> INPUT DATA:
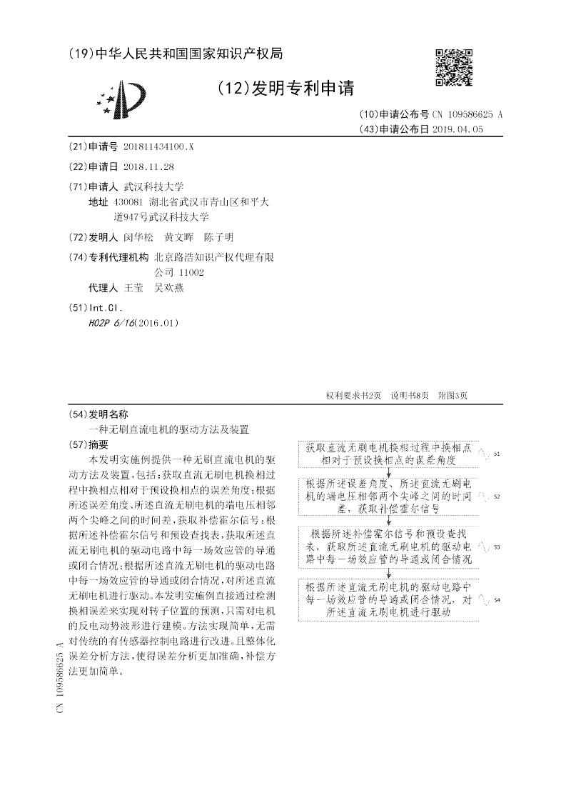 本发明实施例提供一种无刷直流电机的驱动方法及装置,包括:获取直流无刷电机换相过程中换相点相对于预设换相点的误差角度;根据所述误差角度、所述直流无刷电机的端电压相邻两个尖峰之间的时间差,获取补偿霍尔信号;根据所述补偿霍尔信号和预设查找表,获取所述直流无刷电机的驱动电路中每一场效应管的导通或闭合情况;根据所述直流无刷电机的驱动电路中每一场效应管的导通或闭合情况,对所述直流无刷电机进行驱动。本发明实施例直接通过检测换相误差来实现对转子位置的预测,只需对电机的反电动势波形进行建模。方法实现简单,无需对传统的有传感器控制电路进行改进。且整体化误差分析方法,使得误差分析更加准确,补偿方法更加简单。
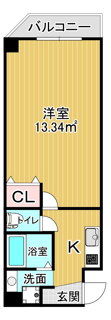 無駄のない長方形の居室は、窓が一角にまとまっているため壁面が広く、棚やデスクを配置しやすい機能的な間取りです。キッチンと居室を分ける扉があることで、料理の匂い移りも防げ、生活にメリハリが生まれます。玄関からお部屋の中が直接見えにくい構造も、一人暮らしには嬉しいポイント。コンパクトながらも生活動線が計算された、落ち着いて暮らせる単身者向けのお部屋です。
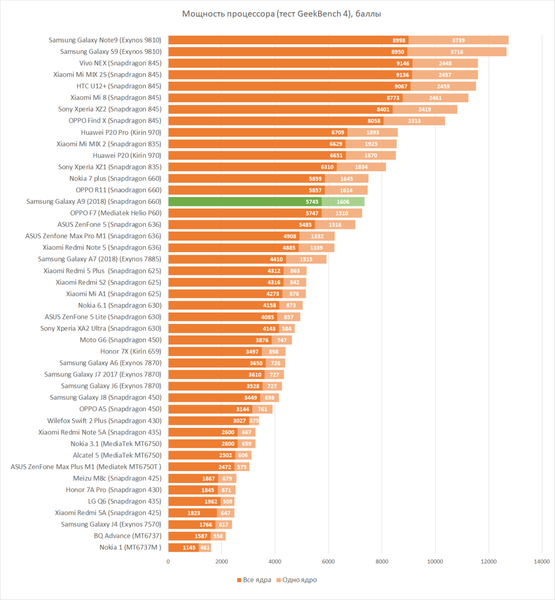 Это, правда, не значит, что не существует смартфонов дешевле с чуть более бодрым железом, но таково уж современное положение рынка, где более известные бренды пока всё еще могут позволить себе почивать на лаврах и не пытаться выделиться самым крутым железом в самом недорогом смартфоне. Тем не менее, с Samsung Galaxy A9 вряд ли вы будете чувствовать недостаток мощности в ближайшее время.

> ASSIGNMENT: Reproduce the material word for word. Any pictures should be left out of the copy.

> WRITTEN ANSWER:
 本发明实施例提供一种无刷直流电机的驱动方法及装置,包括:获取直流无刷电机换相过程中换相点相对于预设换相点的误差角度;根据所述误差角度、所述直流无刷电机的端电压相邻两个尖峰之间的时间差,获取补偿霍尔信号;根据所述补偿霍尔信号和预设查找表,获取所述直流无刷电机的驱动电路中每一场效应管的导通或闭合情况;根据所述直流无刷电机的驱动电路中每一场效应管的导通或闭合情况,对所述直流无刷电机进行驱动。本发明实施例直接通过检测换相误差来实现对转子位置的预测,只需对电机的反电动势波形进行建模。方法实现简单,无需对传统的有传感器控制电路进行改进。且整体化误差分析方法,使得误差分析更加准确,补偿方法更加简单。
 無駄のない長方形の居室は、窓が一角にまとまっているため壁面が広く、棚やデスクを配置しやすい機能的な間取りです。キッチンと居室を分ける扉があることで、料理の匂い移りも防げ、生活にメリハリが生まれます。玄関からお部屋の中が直接見えにくい構造も、一人暮らしには嬉しいポイント。コンパクトながらも生活動線が計算された、落ち着いて暮らせる単身者向けのお部屋です。
 Это, правда, не значит, что не существует смартфонов дешевле с чуть более бодрым железом, но таково уж современное положение рынка, где более известные бренды пока всё еще могут позволить себе почивать на лаврах и не пытаться выделиться самым крутым железом в самом недорогом смартфоне. Тем не менее, с Samsung Galaxy A9 вряд ли вы будете чувствовать недостаток мощности в ближайшее время.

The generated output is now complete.